**INFORMATION GIVEN**

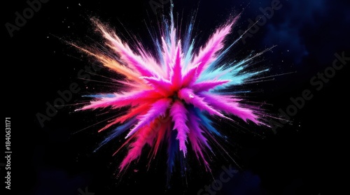 3D illustrative drawing of multicolored powder explosion on dark background
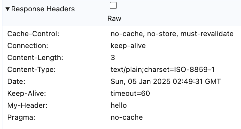 @WebServlet(name = "responseHeaderServlet", urlPatterns = "/response-header") public class ResponseHeaderServlet extends HttpServlet { @Override protected void service(HttpServletRequest request, HttpServletResponse response) throws ServletException, IOException { // [status-line] response.setStatus(HttpServletResponse.SC_OK); // [response-headers] response.setHeader("Content-Type", "text/plain"); response.setHeader("Cache-Control", "no-cache, no-store, must-revalidate"); response.setHeader("Pragma", "no-cache"); response.setHeader("my-header", "hello"); PrintWriter writer = response.getWriter(); writer.println("ok"); } }
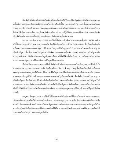 บัลลังค์ คดหมาย (2556) งานวิจัยน้น าค่าประสทธผลโดยรวมของเครองจักร(OEE) มาเปนตัวช้วัด
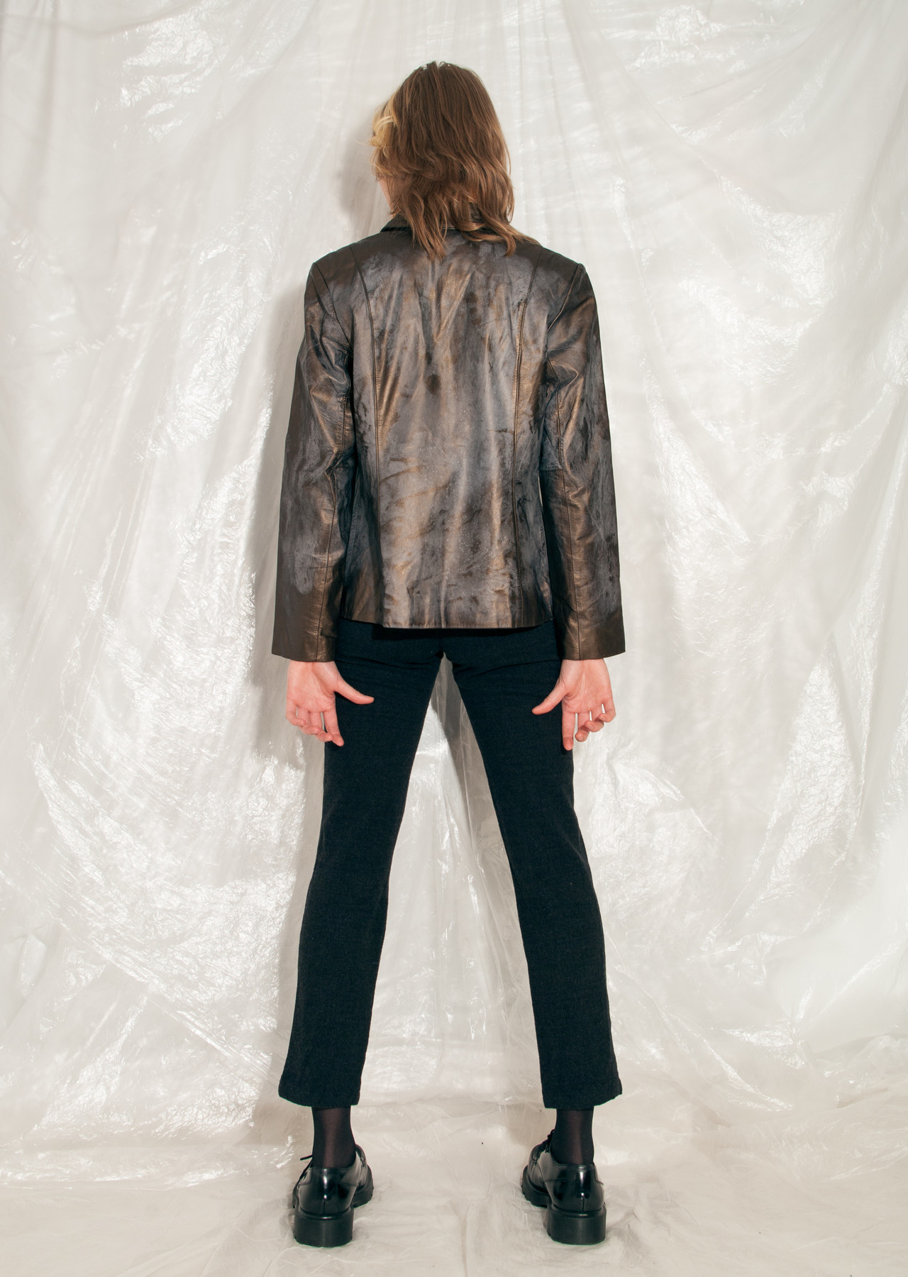 Vintage Leather Jacket Y2K Reworked Smoke Painted Coat
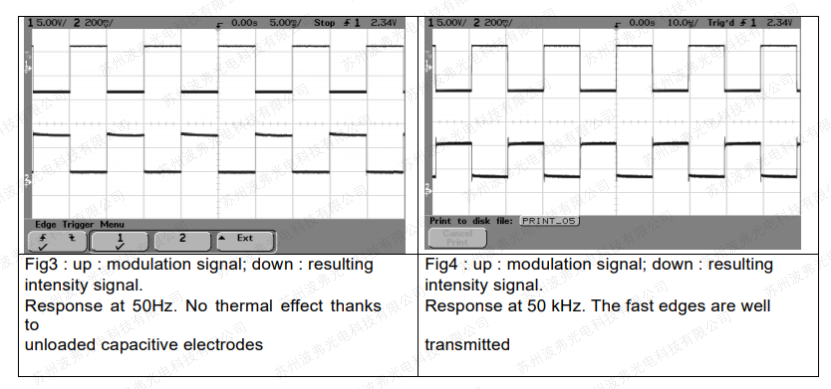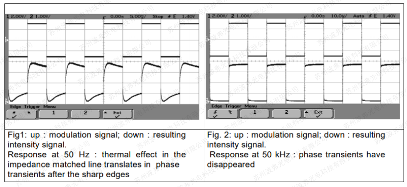 下面的圖1和圖2示出了當(dāng)使用50Hz和50KHz方波調(diào)制信號時,使用高帶寬相位調(diào)制器(MPZ-LN-20型,>20GHz電光帶寬)。熱效應(yīng)的影響在圖1中非常低頻時清晰可見,在50kHz時熱效應(yīng)幾乎消失
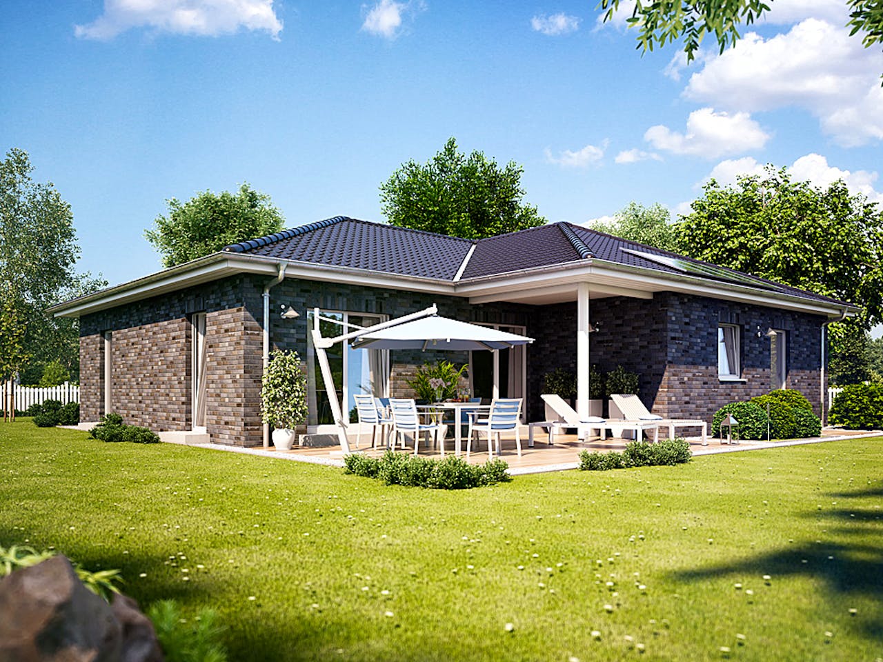 Schauen Sie sich diesen modernen Bungalow mit gut 140 qm Platz für Ihre Wohnträume genauer an! Hochwertige Ausstattung, modernes Design und immer noch ausreichend Platz für Ihre individuelle Gestaltung. Wir schlagen Ihnen 4 Grundrisse vor, aber wir sind ganz Ohr, Ihre Wünsche in die Tat umzusetzen. Ganz zu Schweigen von Ihren Vorstellung zu Fassade, Dach und Fenstern. Wir verwenden nur erstklassige Materialien unserer Markenpartner. Unser Bauherren-Service bietet Ihnen zudem eine entspannte Bauphase. Gehen Sie in Ruhe Fußböden, Küche und Farben auswählen, während wir den Bau Ihres Hauses betreuen.
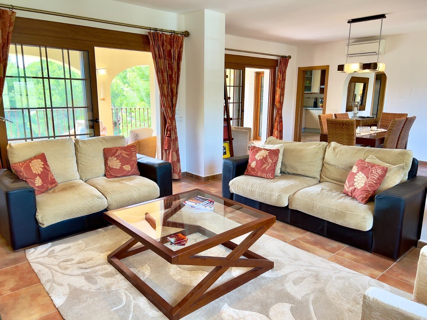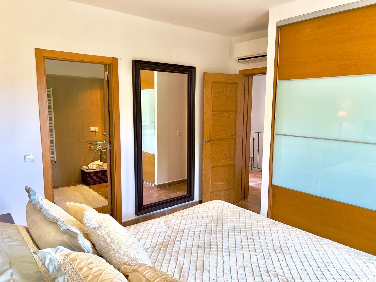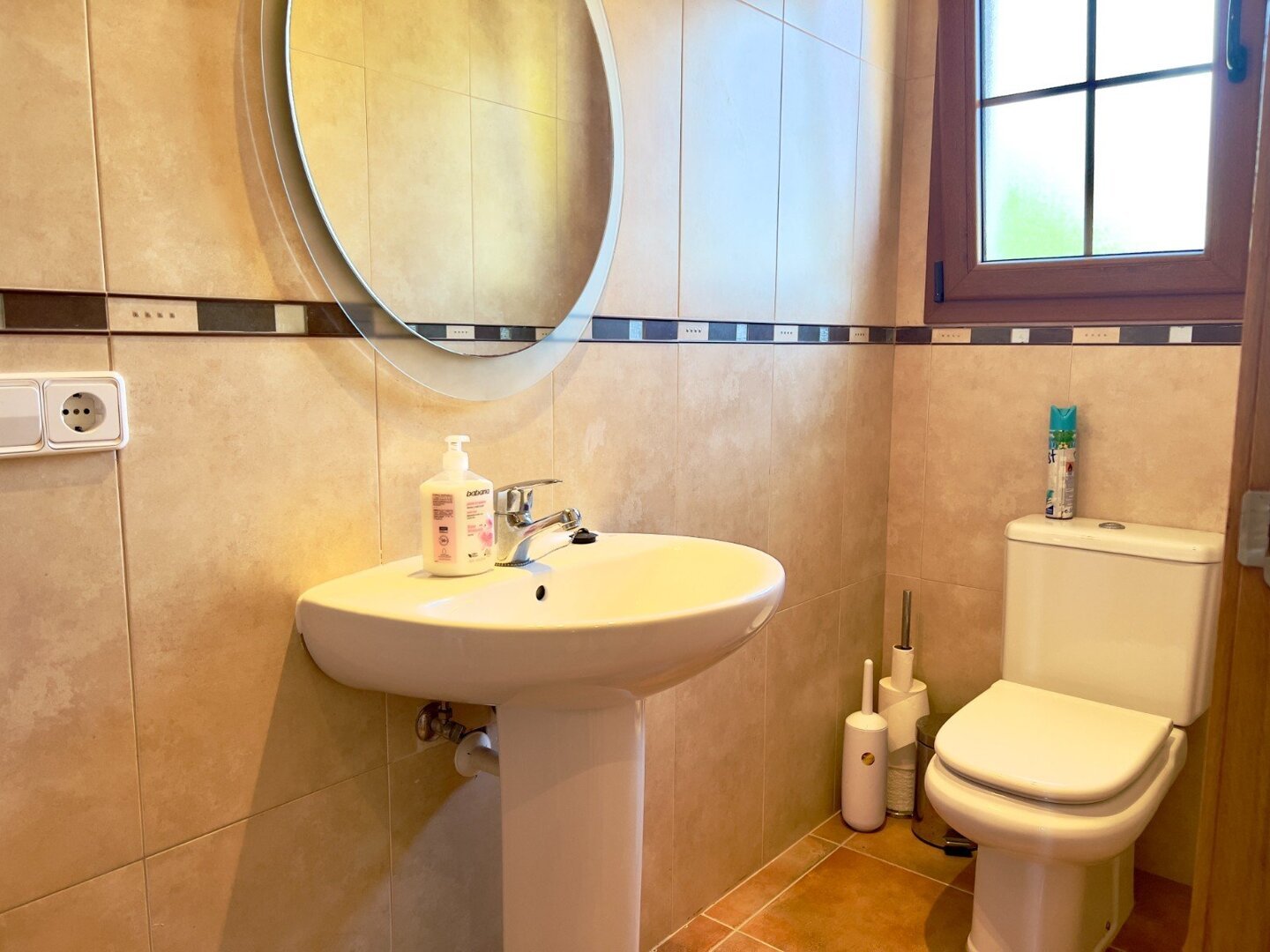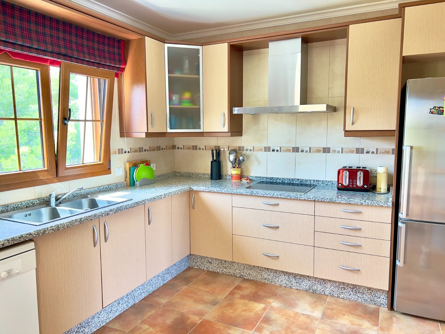 The outdoor areas of this villa are truly a highlight. The heated freeform swimming pool features a waterfall, pool cover, and underwater lighting. Surrounding the pool there is ample space for sunbathing and al fresco dining, while a convenient outdoor shower and a fully equipped summer kitchen with barbecue provide extra comfort. The low-maintenance garden is landscaped with artificial grass, paved areas, Mediterranean plants, and a variety of fruit trees including citrus, fig, pomegranate, and níspero. A gravel terrace with pergola offers an additional shaded seating area.
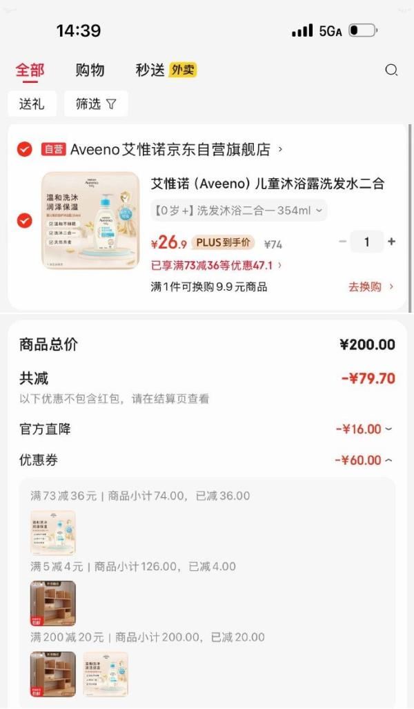 艾惟诺(Aveeno)儿童沐浴露洗发水二合一354ml

**TASK BRIEF**
An exact transcription is needed of the lines from the one with "Vintage Leather Jacket" to the one with "Schauen Sie sich" above, both ends included, with pictures left out.

**COMPLETED EXERCISE**
 Vintage Leather Jacket Y2K Reworked Smoke Painted Coat
 下面的圖1和圖2示出了當(dāng)使用50Hz和50KHz方波調(diào)制信號時,使用高帶寬相位調(diào)制器(MPZ-LN-20型,>20GHz電光帶寬)。熱效應(yīng)的影響在圖1中非常低頻時清晰可見,在50kHz時熱效應(yīng)幾乎消失
 Schauen Sie sich diesen modernen Bungalow mit gut 140 qm Platz für Ihre Wohnträume genauer an! Hochwertige Ausstattung, modernes Design und immer noch ausreichend Platz für Ihre individuelle Gestaltung. Wir schlagen Ihnen 4 Grundrisse vor, aber wir sind ganz Ohr, Ihre Wünsche in die Tat umzusetzen. Ganz zu Schweigen von Ihren Vorstellung zu Fassade, Dach und Fenstern. Wir verwenden nur erstklassige Materialien unserer Markenpartner. Unser Bauherren-Service bietet Ihnen zudem eine entspannte Bauphase. Gehen Sie in Ruhe Fußböden, Küche und Farben auswählen, während wir den Bau Ihres Hauses betreuen.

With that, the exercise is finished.